Items from a dataset
********************

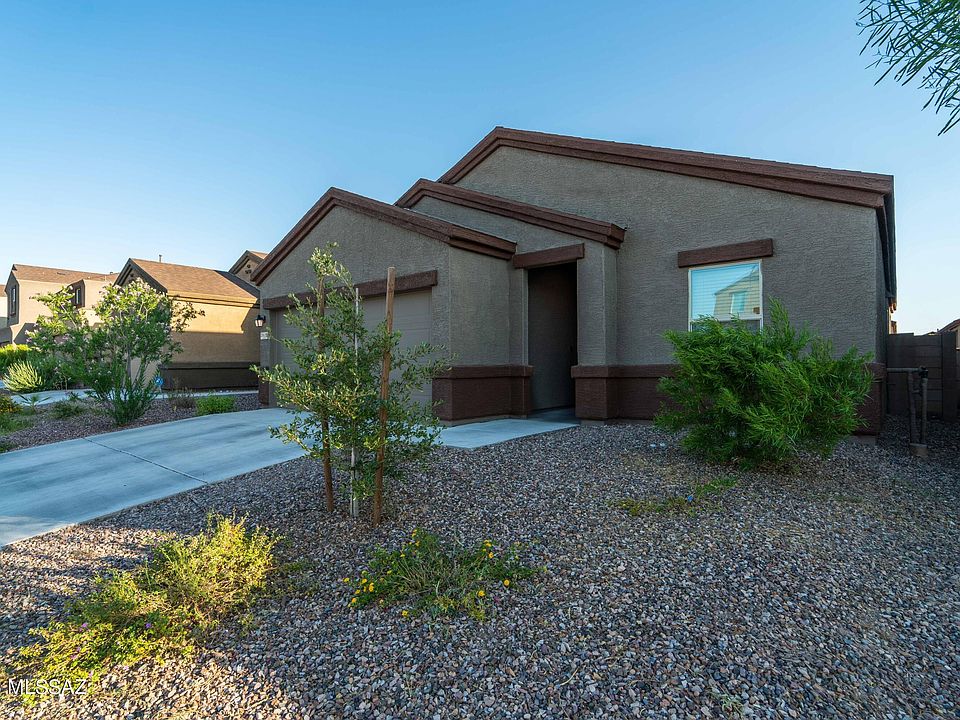 Beautiful 4BD/2BA DR Horton home in Tres Pueblos. Open floor plan with living & dining areas. Kitchen features stainless appliances with gas stove, breakfast bar, recessed lighting and granite counters, all appliances stay. Spacious primary bedroom with en suite and large walk in closet. Enclosed backyard with covered patio & pavers offers privacy, perfect for relaxation or outdoor entertaining. Low HOA fees, no rental restrictions. Convenient to schools & I-10. Don't miss out, come and take a look today!
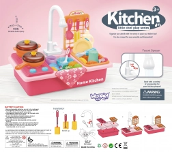 Potěšte své děti touto úžasnou kuchyňskou sadou, která jim umožní prožívat kuchyňské dobrodružství. Tato hračka zaujme především svojí realistickou simulací kuchyňských činností, podpořenou pohyblivými prvky a funkčním kohoutkem. Stačí nalít vodu do nádoby a dívat se, jak se vaše dítě radostně hraje.
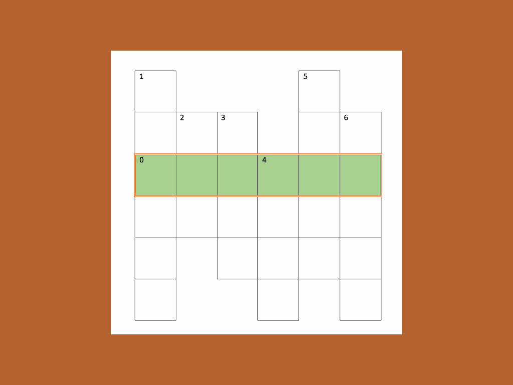 По задумке, которая используется в примере, нужно получить ключевое слово по горизонтали под номером «0», вписав в кроссворд все слова по вертикали под цифрами «1», «2», «3», «4», «5» и «6» согласно заданиям.
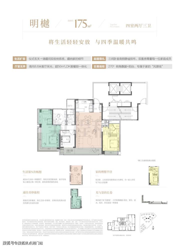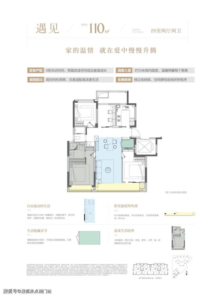 其空间布局精妙,四开间朝南,南向双联阳台,一边生活休闲,一边晾晒家政,既有诗意又不失体面。
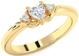 Diamond Gold Silver Heart Three Stone Engagement Ring
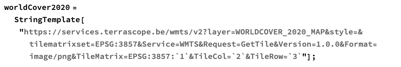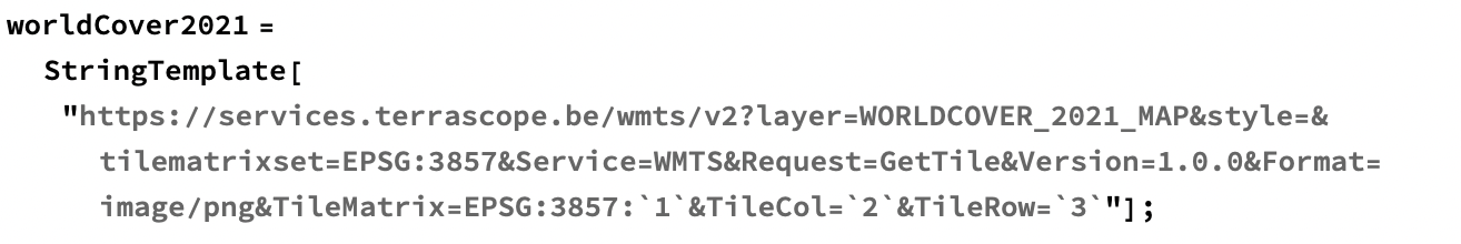 The ESA WorldCover dataset is a great resource for understanding land cover patterns, and luckily for us, we live in a world in which there are many more. Many remote sensing services are available as map tile servers (WMTS), and two of my favourite providers of high quality free remote sensing imagery datasets of this kind, often with global and sometimes even near real time coverage, are Copernicus Marine and NASA GIBS (Global Imagery Browse Services). You can access NASA GIBS remote sensing imagery using the RemoteSensing paclet, which I've previously written about here.
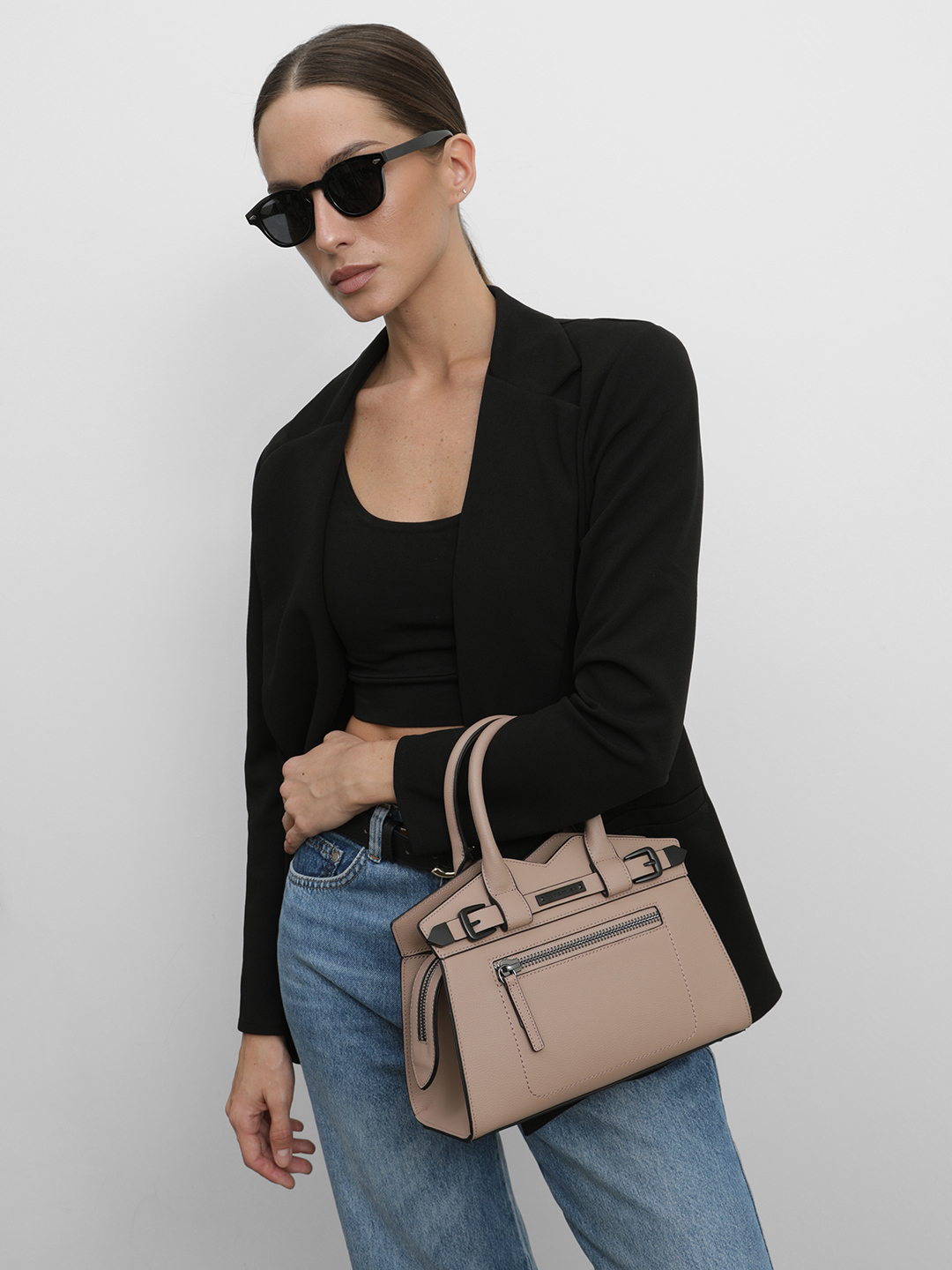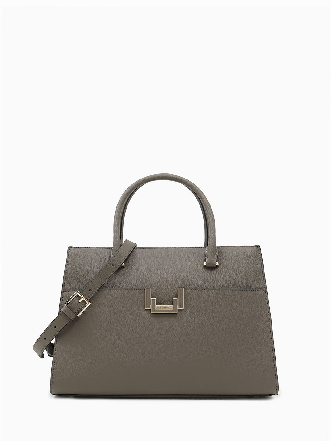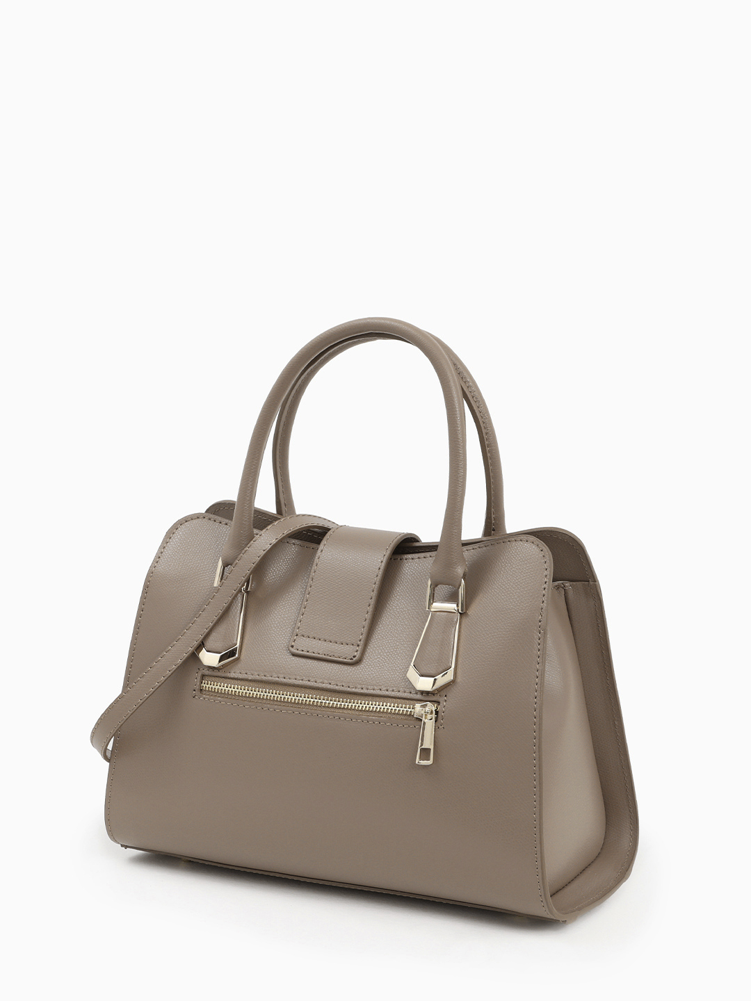 Сумка-тоут с поворотной золотистой фурнитурой от FOLLE в цвете тауп
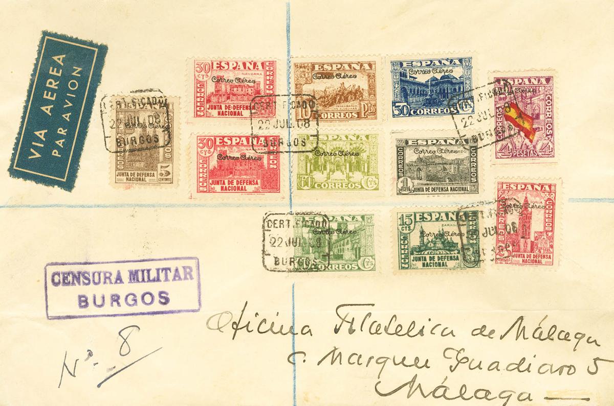 70/80. 1938. Complete series. Certificate from BURGOS to MALAGA. On the back arrival. MAGNIFICENT AND VERY RARE COMPLETE ON LETTER.
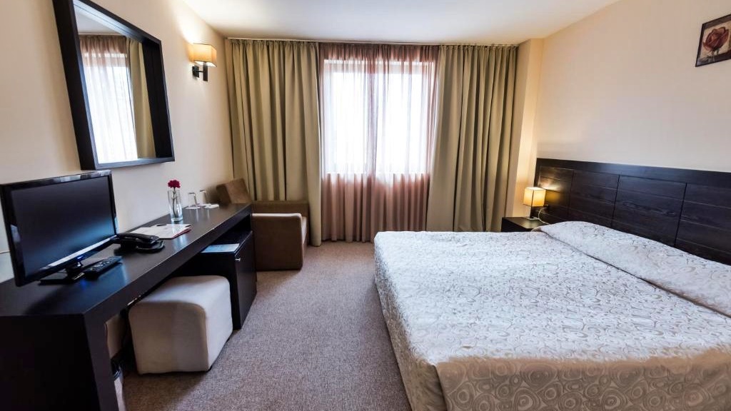 • Двойна стая Стандарт - Стандартните стаи са с площ около 30 кв.м. и разполагат с LCD телевизор 51 см., телефон, легла: две единични легла (90 х 200 см.) с нощни шкафчета или спалня (200 х 200 см.), с нощни шкафчета, сейф, мини бар, гардероб за лични вещи, работна зона с писмени принадлежности, огледало, вана, душ, огледало, телефон, panic-button, халат, комплект кърпи, чехли, богат избор на козметика за баня
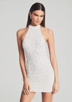 Turn heads in the Olivia Dress. The form fitting mini is sure to command any room. With its halter design, featuring a slinky open back, the seductive silhouette is finished with a button closure at the neck and an invisible zipper closure down the body. Shown here in White.

********************

The task =
Output should consist of the lines above from the one with "Potěšte své děti" down to the one with "70/80. 1938. Complete", exact and without pictures.

Answer box =
 Potěšte své děti touto úžasnou kuchyňskou sadou, která jim umožní prožívat kuchyňské dobrodružství. Tato hračka zaujme především svojí realistickou simulací kuchyňských činností, podpořenou pohyblivými prvky a funkčním kohoutkem. Stačí nalít vodu do nádoby a dívat se, jak se vaše dítě radostně hraje.
 По задумке, которая используется в примере, нужно получить ключевое слово по горизонтали под номером «0», вписав в кроссворд все слова по вертикали под цифрами «1», «2», «3», «4», «5» и «6» согласно заданиям.
 其空间布局精妙,四开间朝南,南向双联阳台,一边生活休闲,一边晾晒家政,既有诗意又不失体面。
 Diamond Gold Silver Heart Three Stone Engagement Ring
 The ESA WorldCover dataset is a great resource for understanding land cover patterns, and luckily for us, we live in a world in which there are many more. Many remote sensing services are available as map tile servers (WMTS), and two of my favourite providers of high quality free remote sensing imagery datasets of this kind, often with global and sometimes even near real time coverage, are Copernicus Marine and NASA GIBS (Global Imagery Browse Services). You can access NASA GIBS remote sensing imagery using the RemoteSensing paclet, which I've previously written about here.
 Сумка-тоут с поворотной золотистой фурнитурой от FOLLE в цвете тауп
 70/80. 1938. Complete series. Certificate from BURGOS to MALAGA. On the back arrival. MAGNIFICENT AND VERY RARE COMPLETE ON LETTER.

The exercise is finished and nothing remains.